Time is Flying- Small Life Update

I can’t believe how fast time is flying lately. I’m kind of shocked it’s July. And not just the beginning of July. Saturday was Ryan’s birthday and I’ve always equated that with a sort of mid summer celebration.

Therapy

I have been attending therapy regularly for over a year now. I’ve accomplished a lot, but for me it is work that will never be done. Some weeks I feel well, my depression is cooperative, my anxiety is light, and my health is stable. Other weeks I am down in the dumps, or anxious over an everyday task, and when the pain flares who knows where my head is going to be.

So I am thankful that I keep making those appointments and keep going back. Just checking in can be refreshing.

Coloring Book

At the beginning of the year I started this blog and a different type of creative project. I’ve been working on creating a mandala coloring book. In 2017 I created a 100 Mandala project, where I filled a sketch book with individual and unique mandalas. This year I wanted to expand on that. I have so far created 14 full sized coloring pages.

I hope to have pages completed and ready to scan next month. My original goal had been February, that was ambitious!

NEW!!!

I got a new computer this week, which I’m loving so far. For 12 years I was a Mac user and I’ve returned to the PC world. This was mostly a financial decision, but I’ve been also looking at part time jobs, all of which require knowledge of Office.

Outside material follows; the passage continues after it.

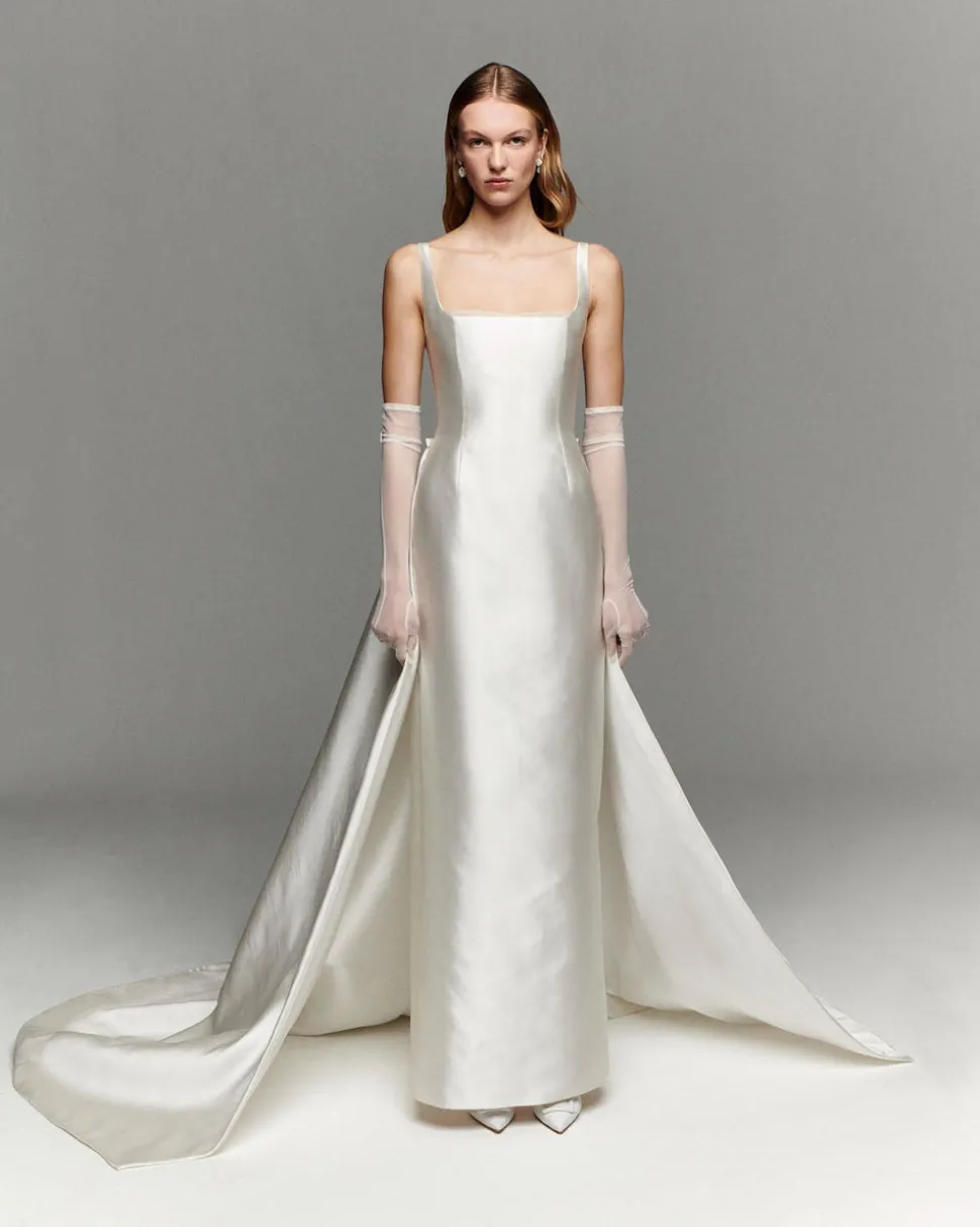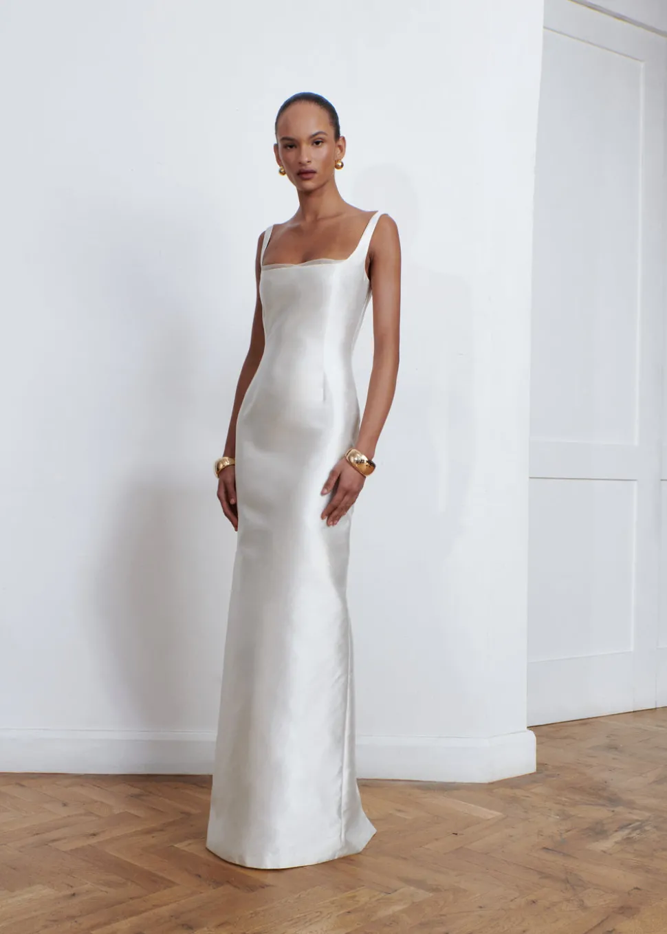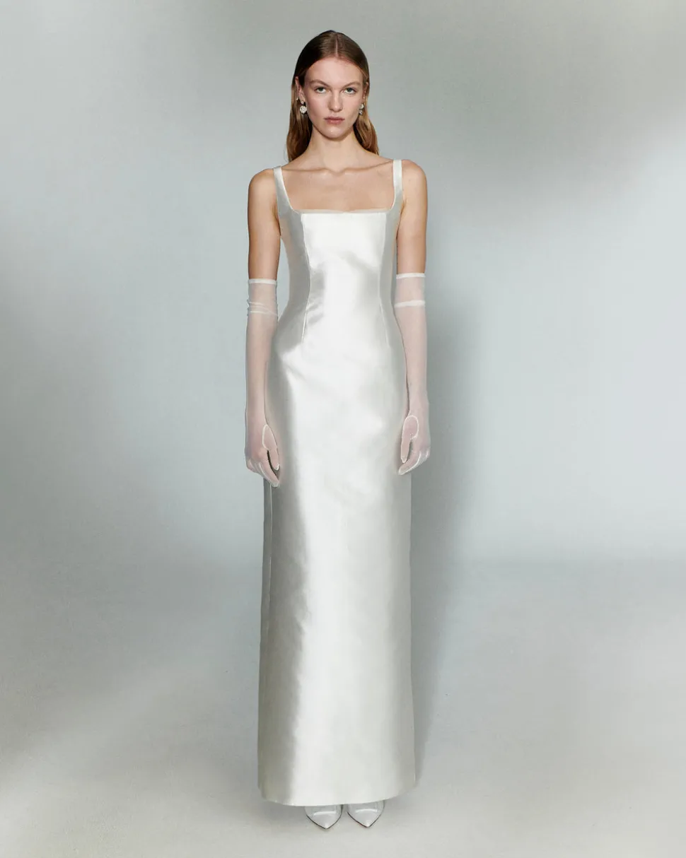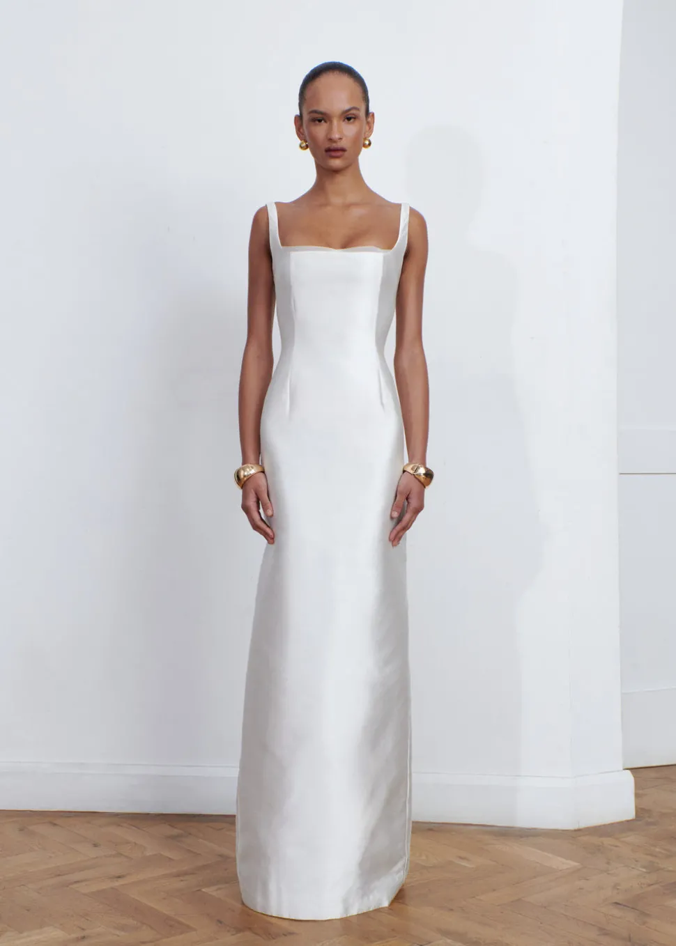 Handmade at its London atelier, The OWN Studio’s signature style combines pared-back, contemporary silhouettes with unexpected vintage details resulting in considered, minimal styles for the modern woman. The label brings a fresh and contemporary approach to wedding and evening wear. An elegant and refined column mikado silhouette that is as chic as it is timeless, this angular square neckline is softened by an accent of silk organza. Fully lined in silk, pair the Organza Peekaboo Silk Mikado Gown | STYLE 111 with tulle gloves and the matching detachable silk train for the most incredible statement.

I’m hoping it will help with my productivity. Right off the bat I did not have to open my word processing app 4 times before I could actually use it, which is a huge time saver. I’ve been doing a lot of writing, but I keep getting inspired by these grand ideas, which take awhile to process and write. Which doesn’t really lend itself to blogging.

I will try to include short tid bits of info and updates in the near future. Also it has occurred to me that I have not included a picture of myself yet on this site. Here is the husband and I selfie-ing at his birthday celebration.

Hope and Happiness with Chronic Illness

Hopeful and Happy. Some people may not connect either of these with chronic illness and pain. It’s true illness and pain can bring dark times. It can take you to places you believe you are never going to get out of. To Sadness and despair.

But there can be hope and there can be happiness. Hope and happiness can come in moments of rest, sharing with a loved one, or in discovering a new skill.

In order for these moments to crack through the dark and despair one must be open to them. One must believe they can exist. These moments can break through spontaneously. We can also create them during our moments of darkness. Continue reading “Hope and Happiness with Chronic Illness”

Be Well: Part Two

This is part two of a series about my chronic illness journey. You can read the introduction here. 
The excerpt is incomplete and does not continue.